Underwear is special in that most of the time, it is not seen by the large public, the way boots or hats are. A nice thong will be hidden from view for anyone other than yourself and your significant other. A lot like our souls, I like to think. Only those very intimate with us can really get to see them, touch them, appreciate them. Not to mention that, for most people, there will be many, many days when there is no one else out there to notice either thoughts or lingerie.
In the infertile woman's soul, there are a lot of negative voices that speak volumes about the sense of being feminine, of being sexy, of belonging to the female half of the race. I know for myself, when I was not getting pregnant and the whole village was, including my friend's cat, I heard the Voice (you remember the Voice) telling me that I perhaps should reconsider my gender identity, since duh, real women get pregnant and have babies. Even real female cats do. When I lost Adrian, I got another strong background chanting session from the Voice, who let me know that look, it is absolutely confirmed and without a doubt that I WAS NOT A REAL WOMAN!

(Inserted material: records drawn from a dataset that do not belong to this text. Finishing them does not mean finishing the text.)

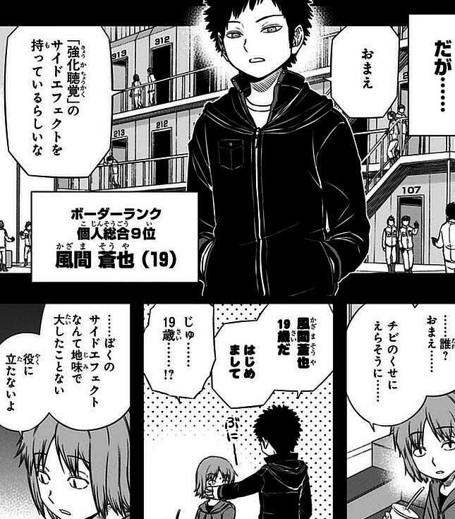 基地東部で戦っている風間隊の菊地原史郎のサイドエフェクトは「強化聴覚」ですが、一言で言うと「耳がいい」というだけの能力で、菊地原自身も指摘されるまでそれをサイドエフェクトと気付いていませんでした。菊地原本人も自身のサイドエフェクトをショボいと思っていましたがその頃に、風間隊の隊長 風間蒼也から、「強化聴覚」のサイドエフェクトを持っている事を理由にチームに勧誘されます。
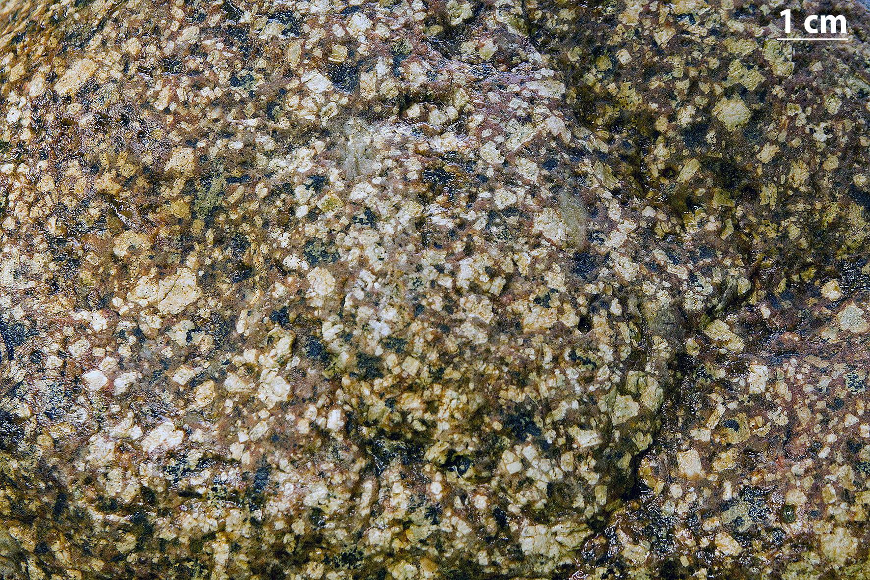 Grundmassen varierer fra næsten lyserød over rosagrå og gråbrun til rent grå. Strøkornene fylder altid langt mere end halvdelen af stenens masse, og mellemrummene er aldrig over 3 mm. To slags plagioklaskorn: Mange hvidlige/gullige (1-10 mm) af Na-plagioklas og færre gulgrønne/snavsetgrønne (2-12 mm) af Ca-plagioklas. Af og til ses et enkelt, rosafarvet korn af kalifeldspat. Runde til sekskantede, sorte korn af biotit (1-3 mm). Lange (nåleformede) korn af hornblende (1-4 mm). Ofte 1-2 cm grøn-sorte aggregater af hornblende, epidot og klorit.
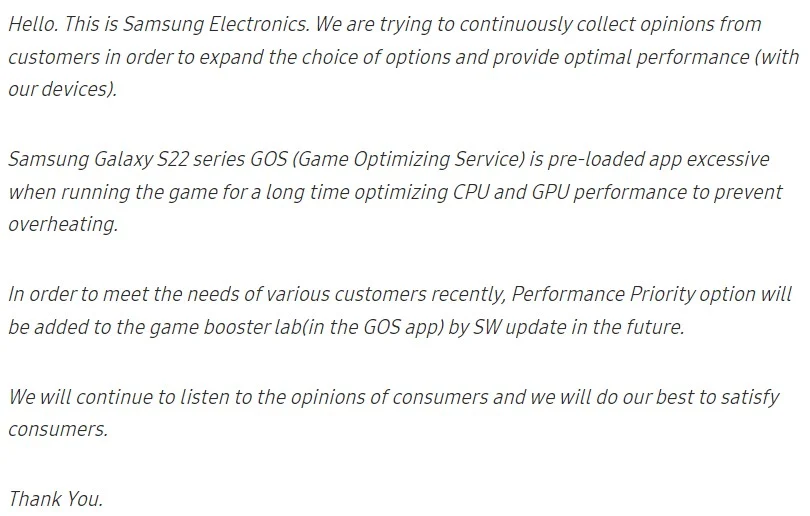 Jak se dalo předpokládat, Samsung v něm tvrdí, že důvodem omezování je zabránit přehřívání zařízení při dlouhodobém jeho používání aplikací nebo her. Společnost však již připravuje řešení, které dá uživateli možnost toto omezení vypnout, a které přijde s aktualizací softwaru. Bude se jednat o tlačítko, které umožní přinutit systém GOS (prostřednictvím aplikace Game Booster, která je v zařízeních Galaxy předinstalována), aby upřednostnil právě výkon před vším ostatním (tedy i výdrží baterie).

Poor MrH had to fight the Voice if he wanted to have his cute feminine wife back, because I had strong urges to wear ugly pants with granny underwear that did not match my bra. I even bought granny underwear from Wall Mart, because I felt a strong need to match the briefs with the critical paragraphs in my head. I don't need to tell anyone here what this kind of attitude does to one's sex life.
After years of failing month after month at doing what the cat had no trouble doing in one night of feline passion, I have decided that I wanted the old me back, the feminine, elegant me. I went back to my previous sexy lingerie and made myself wear it whether I felt like it or not. I refused to leave the house if my bottoms and my bra did not match. I insisted on wearing skirts and boots, a much more feminine look than the good old pants and loafers. I accessorized. I ironed. I religiously put make up on even if I was planning on spending a whole Sunday in bed. And every single day, I did my hair.
Does this work? It worked for me, and I suspect it would work for anybody. How can a simple piece of fabric change the way we feel about ourselves? It is there, at all times, as a reminder that no matter what the Voice might say at that particular time, there is one part, however small, that still believes that we are feminine, that we are worth taking the effort to give ourselves the best.
For anyone who has had a recent negative test result, a failed IVF, a miscarriage, or who is struggling with the critical Voice comparing her to the cat, the cow or the pregnant sister in law, please take my advice, at least for a few days: Wake up before noon. Take a shower. Do your hair. Put mascara on. Cover your dark circles with some concealer. Spritz on some perfume if you wear it. And by all means, wear the best, sexiest, most comfortable, most divine pair of underwear.